§ **DIRECTIONS**: Nothing but the lines from the one containing "CIELCh 87.119,72.536,91.698 Color" through the last line of the material should appear in the answer, transcribed exactly, pictures excluded.

§ **ENTRIES SHOWN**:
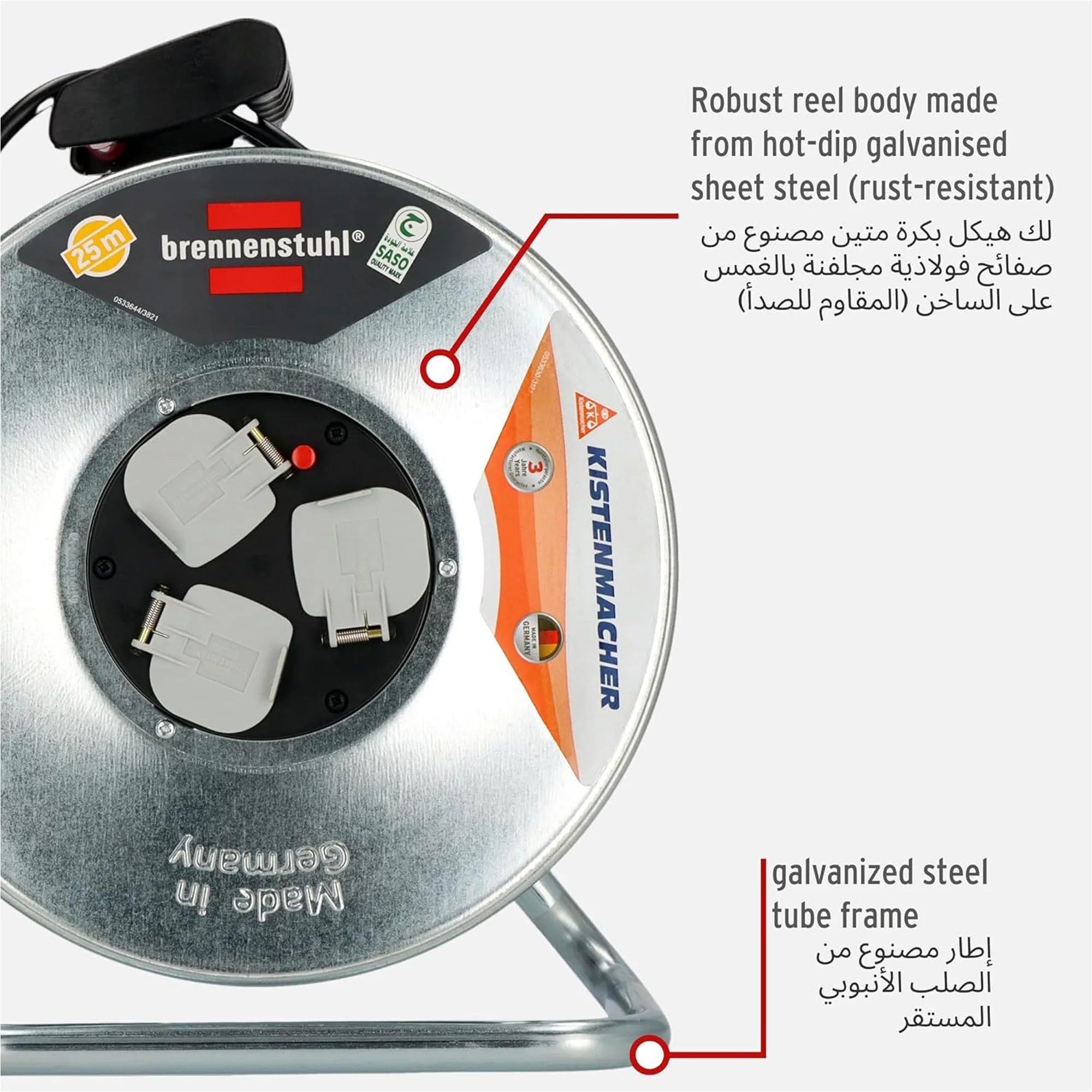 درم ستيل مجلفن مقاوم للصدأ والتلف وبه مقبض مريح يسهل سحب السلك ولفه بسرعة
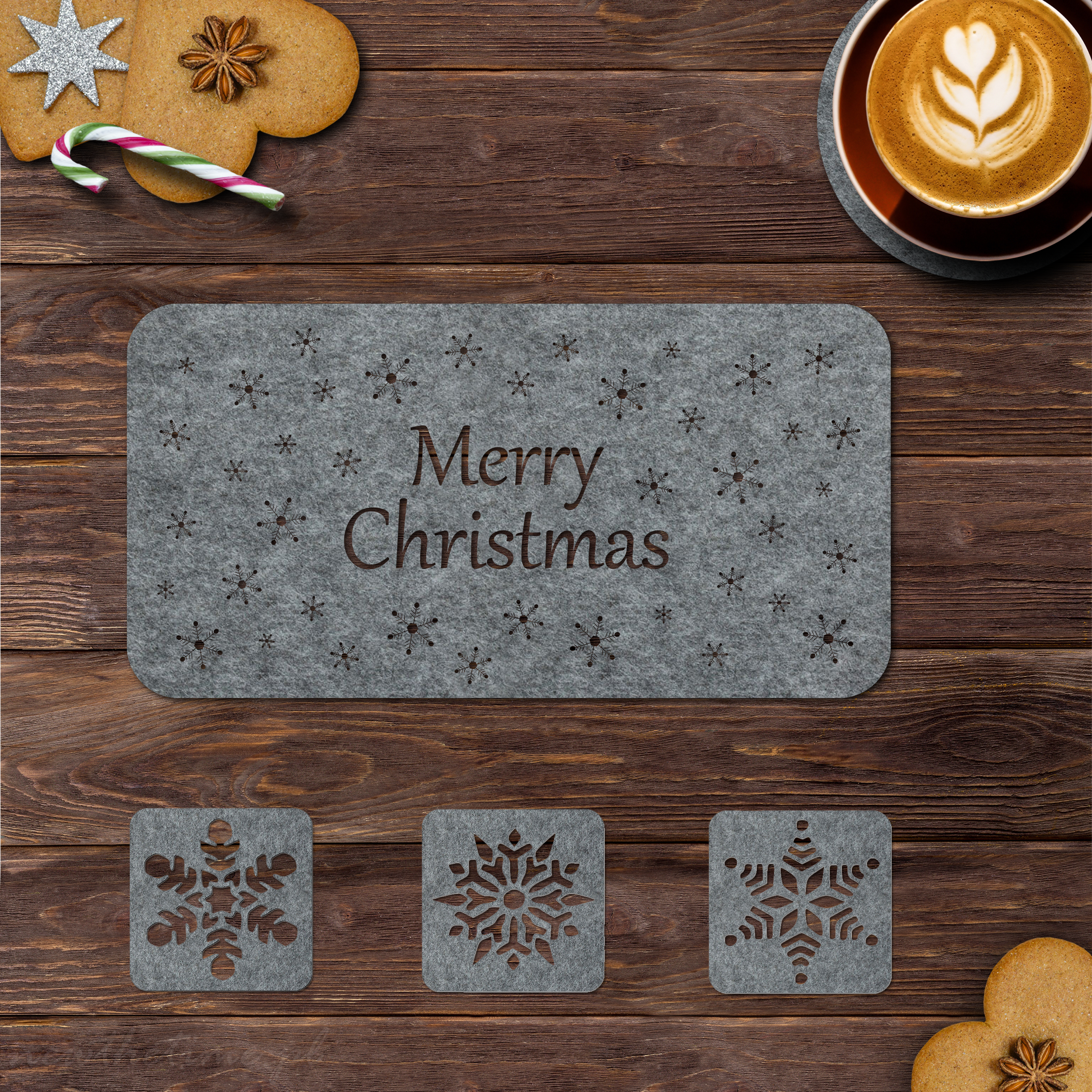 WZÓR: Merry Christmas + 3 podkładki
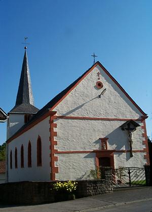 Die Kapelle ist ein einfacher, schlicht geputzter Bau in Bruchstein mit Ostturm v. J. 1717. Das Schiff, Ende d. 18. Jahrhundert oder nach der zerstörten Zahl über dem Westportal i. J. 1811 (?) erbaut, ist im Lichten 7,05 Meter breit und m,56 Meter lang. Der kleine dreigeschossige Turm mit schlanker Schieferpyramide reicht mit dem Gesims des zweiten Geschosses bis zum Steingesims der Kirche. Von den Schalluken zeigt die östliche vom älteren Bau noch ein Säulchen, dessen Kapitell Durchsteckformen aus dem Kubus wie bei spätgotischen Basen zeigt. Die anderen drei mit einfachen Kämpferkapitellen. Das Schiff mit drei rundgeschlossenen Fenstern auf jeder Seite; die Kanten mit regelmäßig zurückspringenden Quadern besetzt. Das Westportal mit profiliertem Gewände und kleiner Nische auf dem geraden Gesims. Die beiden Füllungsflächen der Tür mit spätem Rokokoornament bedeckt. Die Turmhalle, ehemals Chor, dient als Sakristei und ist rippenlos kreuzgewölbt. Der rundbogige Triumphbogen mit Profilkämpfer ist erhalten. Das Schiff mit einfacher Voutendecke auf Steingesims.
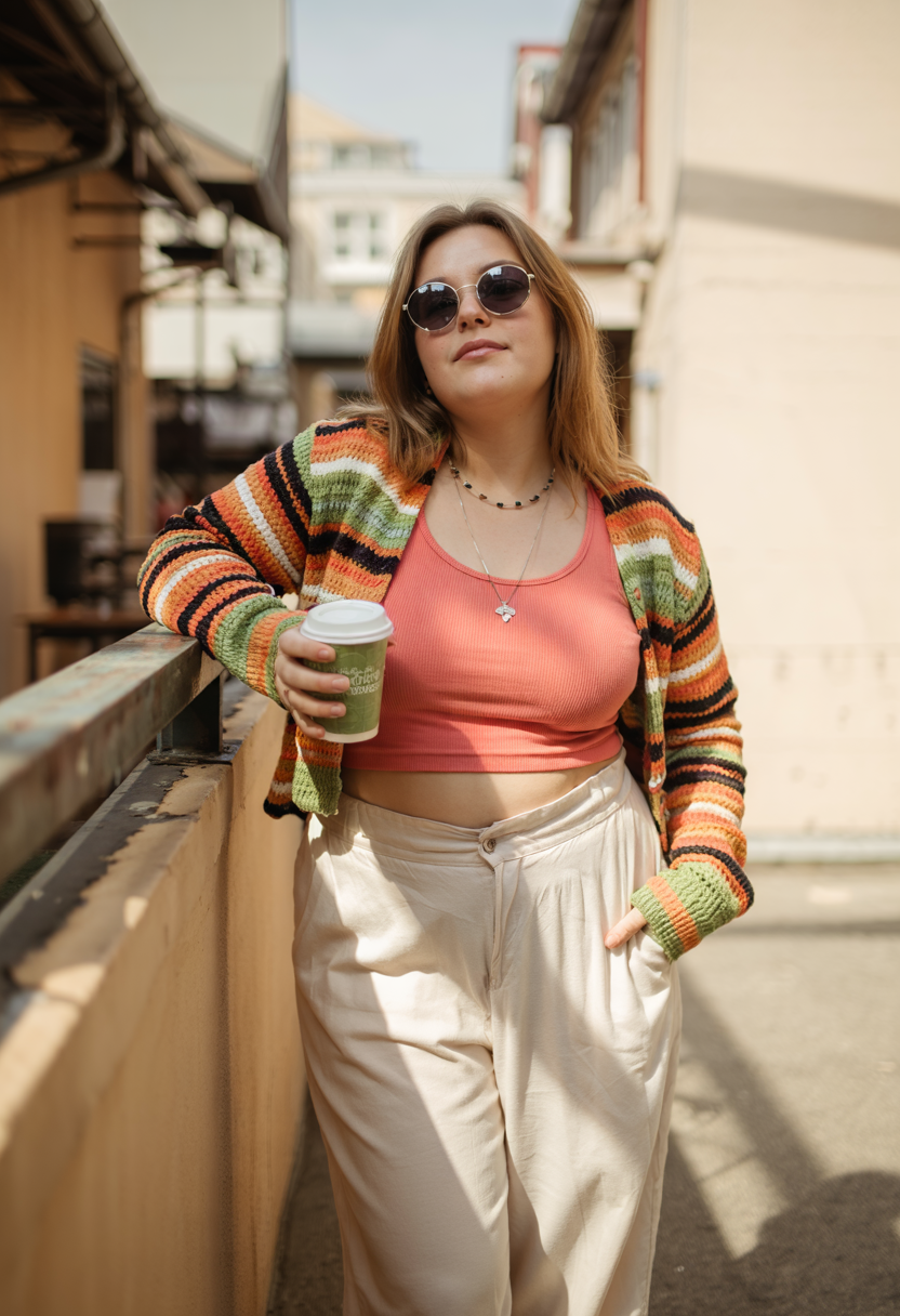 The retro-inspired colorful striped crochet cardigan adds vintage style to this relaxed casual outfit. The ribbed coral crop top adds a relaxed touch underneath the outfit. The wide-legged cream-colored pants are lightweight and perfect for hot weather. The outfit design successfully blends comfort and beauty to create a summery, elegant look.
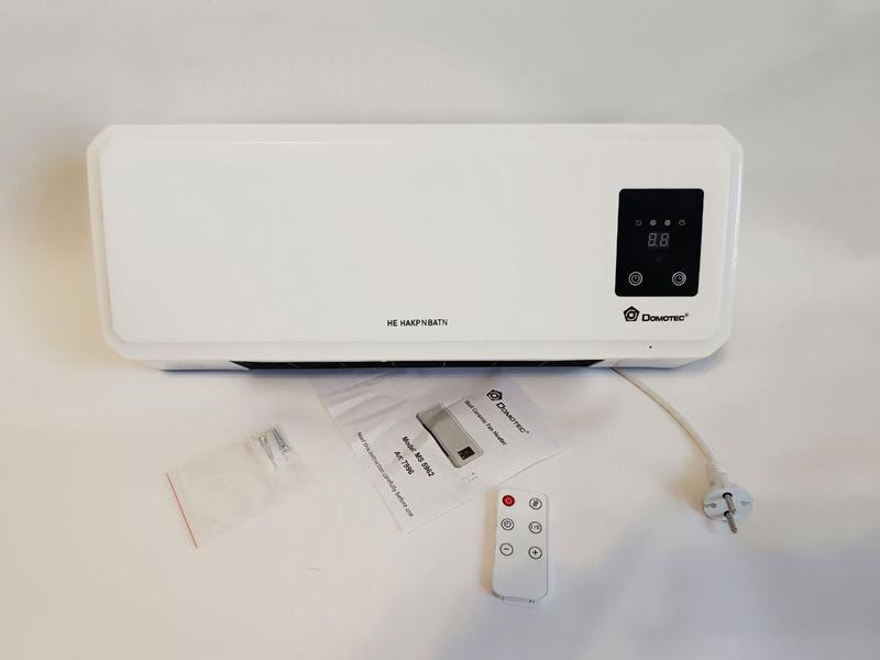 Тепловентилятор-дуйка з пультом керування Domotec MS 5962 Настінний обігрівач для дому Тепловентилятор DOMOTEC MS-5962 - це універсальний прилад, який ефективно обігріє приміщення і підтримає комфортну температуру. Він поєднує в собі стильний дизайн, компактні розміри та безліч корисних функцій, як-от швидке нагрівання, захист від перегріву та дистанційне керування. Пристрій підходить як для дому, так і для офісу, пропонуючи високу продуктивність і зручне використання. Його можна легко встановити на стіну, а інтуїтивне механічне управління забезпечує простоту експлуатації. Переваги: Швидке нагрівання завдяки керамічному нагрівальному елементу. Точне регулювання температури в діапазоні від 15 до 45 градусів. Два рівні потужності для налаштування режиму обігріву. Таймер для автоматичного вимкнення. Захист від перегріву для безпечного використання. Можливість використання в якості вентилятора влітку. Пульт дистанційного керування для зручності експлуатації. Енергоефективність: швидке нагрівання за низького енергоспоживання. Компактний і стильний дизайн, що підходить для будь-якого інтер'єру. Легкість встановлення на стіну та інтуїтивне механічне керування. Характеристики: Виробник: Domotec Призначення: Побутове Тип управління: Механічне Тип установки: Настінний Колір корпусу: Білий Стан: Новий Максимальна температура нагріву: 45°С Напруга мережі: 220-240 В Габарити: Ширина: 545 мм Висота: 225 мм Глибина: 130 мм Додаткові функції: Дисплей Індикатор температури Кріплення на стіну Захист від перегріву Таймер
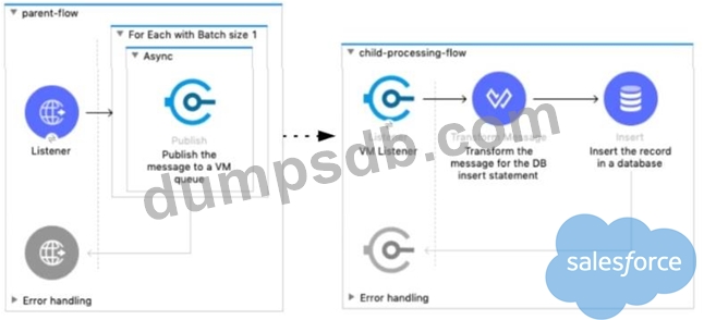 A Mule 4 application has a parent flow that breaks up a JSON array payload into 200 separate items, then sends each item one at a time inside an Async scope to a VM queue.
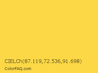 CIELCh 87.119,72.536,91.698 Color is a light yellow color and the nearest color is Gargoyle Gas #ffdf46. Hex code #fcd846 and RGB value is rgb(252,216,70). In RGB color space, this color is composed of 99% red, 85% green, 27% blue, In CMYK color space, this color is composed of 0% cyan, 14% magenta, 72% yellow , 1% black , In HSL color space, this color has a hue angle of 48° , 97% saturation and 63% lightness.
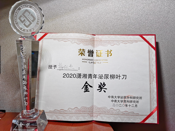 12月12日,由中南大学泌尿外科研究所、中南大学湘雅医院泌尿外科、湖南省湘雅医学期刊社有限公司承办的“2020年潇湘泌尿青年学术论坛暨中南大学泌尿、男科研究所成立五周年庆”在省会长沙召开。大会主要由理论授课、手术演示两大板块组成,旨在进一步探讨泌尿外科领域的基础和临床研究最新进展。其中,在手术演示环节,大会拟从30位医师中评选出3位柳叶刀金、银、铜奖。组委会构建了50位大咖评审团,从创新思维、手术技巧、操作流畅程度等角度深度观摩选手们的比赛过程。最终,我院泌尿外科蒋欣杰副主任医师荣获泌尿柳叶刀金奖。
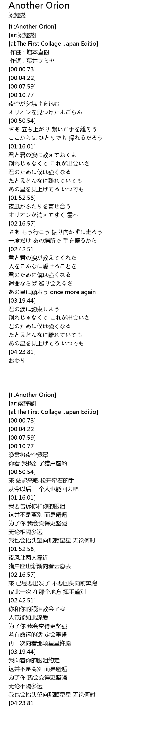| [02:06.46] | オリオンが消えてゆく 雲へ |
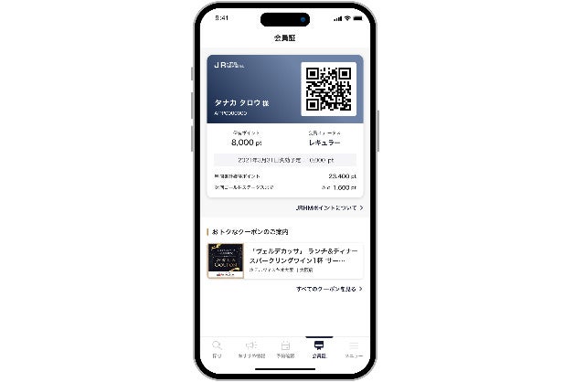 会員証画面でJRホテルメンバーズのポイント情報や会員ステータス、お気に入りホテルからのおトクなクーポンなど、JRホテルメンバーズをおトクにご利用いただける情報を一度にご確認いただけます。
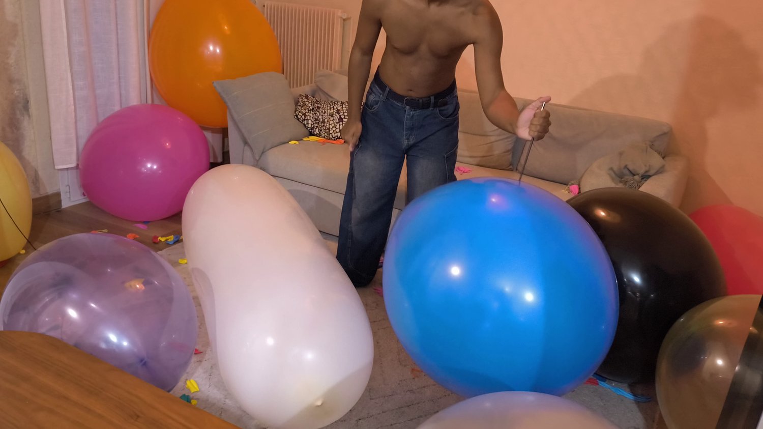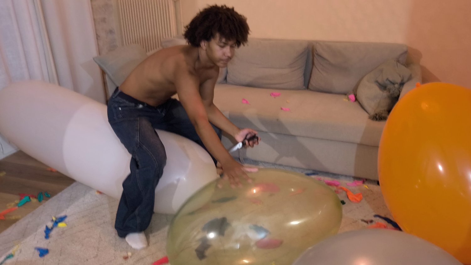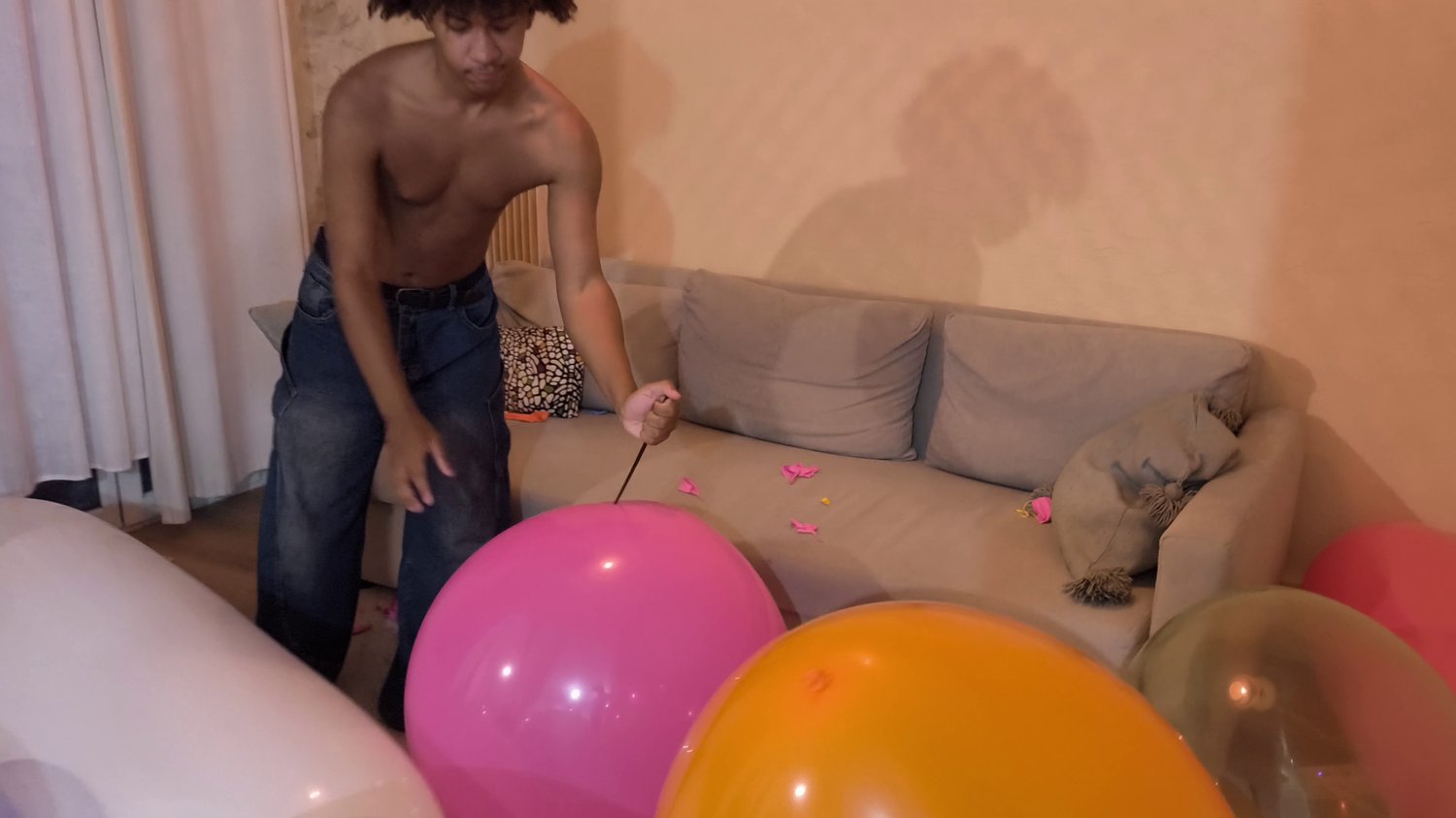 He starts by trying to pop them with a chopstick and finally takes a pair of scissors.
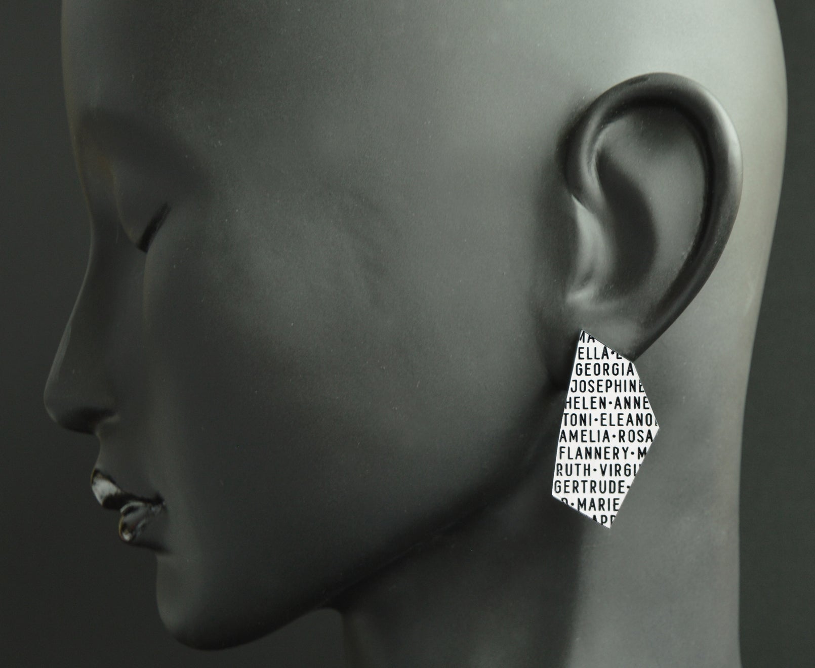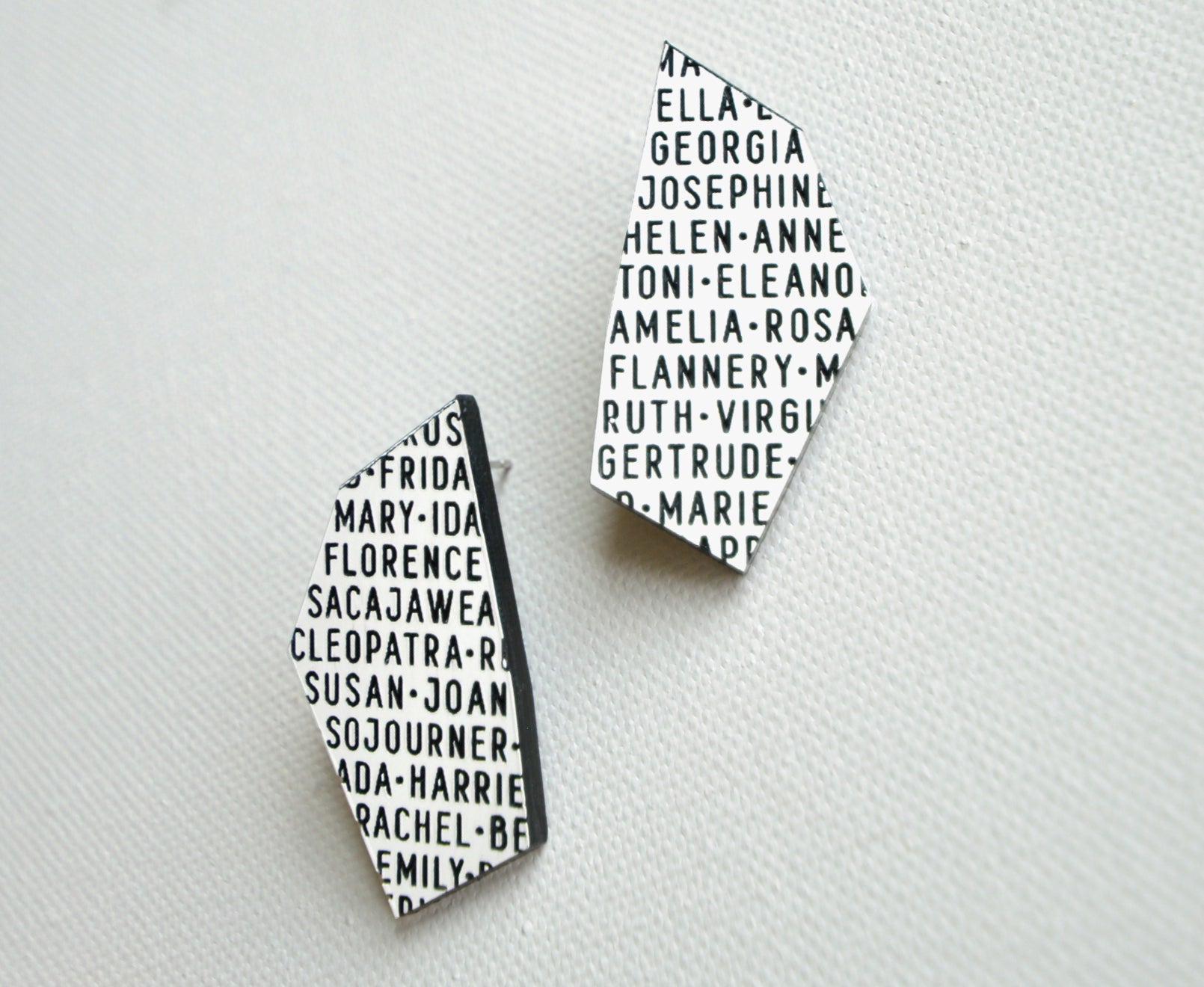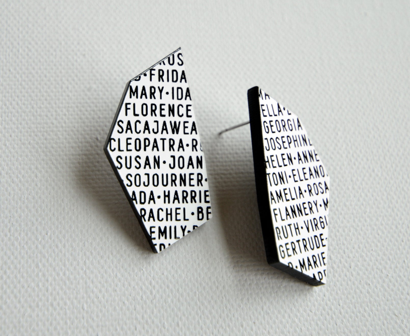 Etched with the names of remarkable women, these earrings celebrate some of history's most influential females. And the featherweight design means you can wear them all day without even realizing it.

§ **EXPECTED OUTPUT**:
 CIELCh 87.119,72.536,91.698 Color is a light yellow color and the nearest color is Gargoyle Gas #ffdf46. Hex code #fcd846 and RGB value is rgb(252,216,70). In RGB color space, this color is composed of 99% red, 85% green, 27% blue, In CMYK color space, this color is composed of 0% cyan, 14% magenta, 72% yellow , 1% black , In HSL color space, this color has a hue angle of 48° , 97% saturation and 63% lightness.
 12月12日,由中南大学泌尿外科研究所、中南大学湘雅医院泌尿外科、湖南省湘雅医学期刊社有限公司承办的“2020年潇湘泌尿青年学术论坛暨中南大学泌尿、男科研究所成立五周年庆”在省会长沙召开。大会主要由理论授课、手术演示两大板块组成,旨在进一步探讨泌尿外科领域的基础和临床研究最新进展。其中,在手术演示环节,大会拟从30位医师中评选出3位柳叶刀金、银、铜奖。组委会构建了50位大咖评审团,从创新思维、手术技巧、操作流畅程度等角度深度观摩选手们的比赛过程。最终,我院泌尿外科蒋欣杰副主任医师荣获泌尿柳叶刀金奖。
| [02:06.46] | オリオンが消えてゆく 雲へ |
 会員証画面でJRホテルメンバーズのポイント情報や会員ステータス、お気に入りホテルからのおトクなクーポンなど、JRホテルメンバーズをおトクにご利用いただける情報を一度にご確認いただけます。
 He starts by trying to pop them with a chopstick and finally takes a pair of scissors.
 Etched with the names of remarkable women, these earrings celebrate some of history's most influential females. And the featherweight design means you can wear them all day without even realizing it.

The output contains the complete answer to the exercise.